Do induction cooktops interfere with cardiac pacemakers?
- PMID: 16635999
- DOI: 10.1093/europace/eul014
Do induction cooktops interfere with cardiac pacemakers?
Abstract
Aims: In induction cooktops, coils produce time-varying magnetic fields that induce eddy currents in the ferromagnetic bottom of a pot or pan, thereby heating it, while the cooktop itself remains cool. Interference with pacemaker sensing could conceivably be produced by voltages induced directly by induction or indirectly by leakage currents.
Methods and results: A worst-case pacemaker-patient (PP) model representing left-sided implantation of a unipolar pacemaker was used for measurement of induced voltages, to judge whether induction cooktops could interfere with pacemaker sensing. Eleven induction cooktops of European manufacture were tested using the PP model. The pacemaker sensitivity with respect to 24 kHz voltages, amplitude-modulated at 100 Hz, was investigated in 244 devices. The current passing through the body of a grounded patient touching a metal pot was determined by measuring the voltage from hand to hand and between electrodes placed on the thorax to simulate an implanted unipolar pacing system underneath. The results obtained were complex. If the pot is positioned concentrically with the induction coil, the smallest pot produced the largest stray field, but the induced voltage always remained below the critical value of 100 mV. With eccentrically positioned large pots, voltages of up to 800 mV could be induced. The induced voltage could always be reduced to </=60 mV by maintaining a distance of 35 cm.

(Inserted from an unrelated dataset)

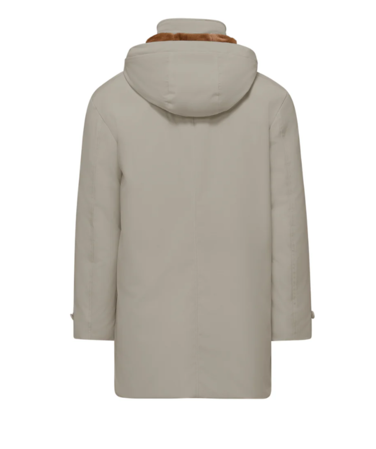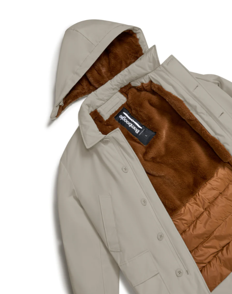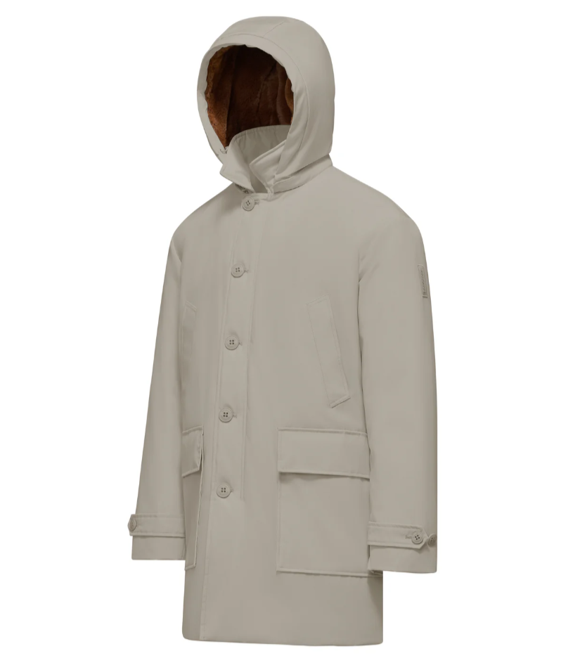Экологичный и функциональный дизайн. Эта парка изготовлена из переработанного нейлона с подкладкой из полиэстера, что отражает заботу об окружающей среде без ущерба для стиля и функциональности. Основной капюшон снимается с помощью кнопок, а второй капюшон, встроенный в воротник, обеспечивает дополнительную защиту, не утяжеляя изделие. Синтетический мех с коротким ворсом украшает край капюшона, придавая ему стильный вид. Водонепроницаемый и ветрозащитная внешняя ткань защищает от непогоды, сохраняя тепло. Эта зимняя парка, идеально подходящая для города, сочетает в себе эстетику, функциональность и экологичность, отвечая требованиям современного гардероба.

The most sensitive pacemaker reacted at 90.5 mV. Because of leakage current, approximately 2% of the voltage between pot and ground appears across the pacemaker's sensing input.
Conclusion: Patients are at risk if the implant is unipolar and left-sided, if they stand as close as possible to the induction cooktop, and if the pot is not concentric with the induction coil. Unipolar pacing systems can sense interference generated by leakage currents if the patient touches the pot for a long period of time. The most likely response to interference is switching to an asynchronous interference mode. Patients with unipolar pacemakers are at risk only if they are not pacemaker-dependent.